Asthma is caused by the imbalance of Th1 cells and Th2 cells, and specifically, an increase in Th2 cells is a very important factor in causing asthma [14]. The hyperplasia/over-differentiation of some cells, such as pulmonary epithelial cells, Th2 cells, and airway smooth muscle cells, can usually be observed in asthma patients [23], but the characteristics of the cell types are very different based on the length of observation [24]. Codonopsis laceolata extract significantly induced the death of Th2 cells and respiratory epithelial cells, and produced similar levels of apoptotic cells as the dexamethasone treatment group (Figure 4A). However, it was difficult to find the apoptotic cells both in the ovalbumin treatment group and in the control vehicle treatment group. Ovalbumin treatment inhibited apoptosis in respiratory cells via the NF-κB/COX-2 pathway. In the ovalbumin treatment group, NF-κB was translocated from the cytoplasm to the nucleus compared to the result of the control vehicle treatment group, and the expression of COX-2 protein was highest among the experimental groups (Figure 4B). Both the dexamethasone treatment and Codonopsis laceolata extract suppressed the NF-κB translocation to the nucleus and the expression of COX-2 protein.

4. Discussion

Anti-asthmatic drugs can be classified into two categories—relievers, such as short-acting β2-agonists/anticholinergics, and controllers, such as long-acting β2-agonists, but a combined therapy, such as reliever/controller and corticosteroids, is usually used [28]. The current strategy of anti-asthmatic drug development involves searching for safe levels/doses of immunomodulatory or anti-inflammatory agents. The immunomodulatory agents involve the specific cytokine inhibitors, such as IL-4, IL-5, and IL-13, as anti-IL-4 and IL-13 can block eosinophilia, and IgE releasing via inactivating eosinophils and IL-5 can prevent severe eosinophilic asthma [38]. Anti-IgE agents, such as omalizumab, are immunomodulatory and are called the ‘magic bullet’ for allergic asthma treatment as they can suppress the exacerbation of asthma [39]. In our lab, we have been concentrating on finding Th2 cell-suppressing agents from natural products [13,40,41,42].

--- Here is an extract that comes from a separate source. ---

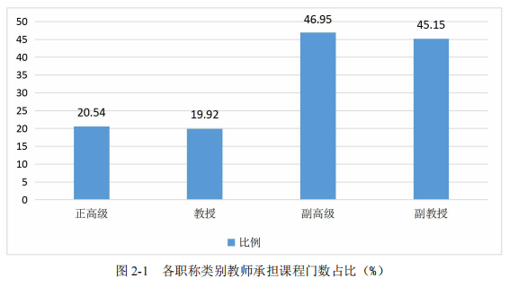 副高级职称教师承担的课程门数为832,占总课程门数的46.95%;课程门次数为1648,占开课总门次的33.97%。其中副教授职称教师承担的课程门数为800,占总课程门数的45.15%;课程门次数为1586,占开课总门次的32.69%

In our previous study, luteolin had been revealed as a major component of C. laceolata root, and it had an anti-hyperuricemic effect [36]. Another group reported that luteolin had an anti-allergic effect, although the results stated that it had a cytokine suppressive effect, such as IL-4, IL-5, and IL-13, but they could not confirm its anti-allergic mechanism [43]. Although the major compound in C. laceolata root was confirmed as luteolin, and the therapeutic effect for allergic asthma was evaluated, the biological mechanism could not be identified, and thus, an investigation of the anti-asthmatic mechanism of C. laceolata extract should be conducted.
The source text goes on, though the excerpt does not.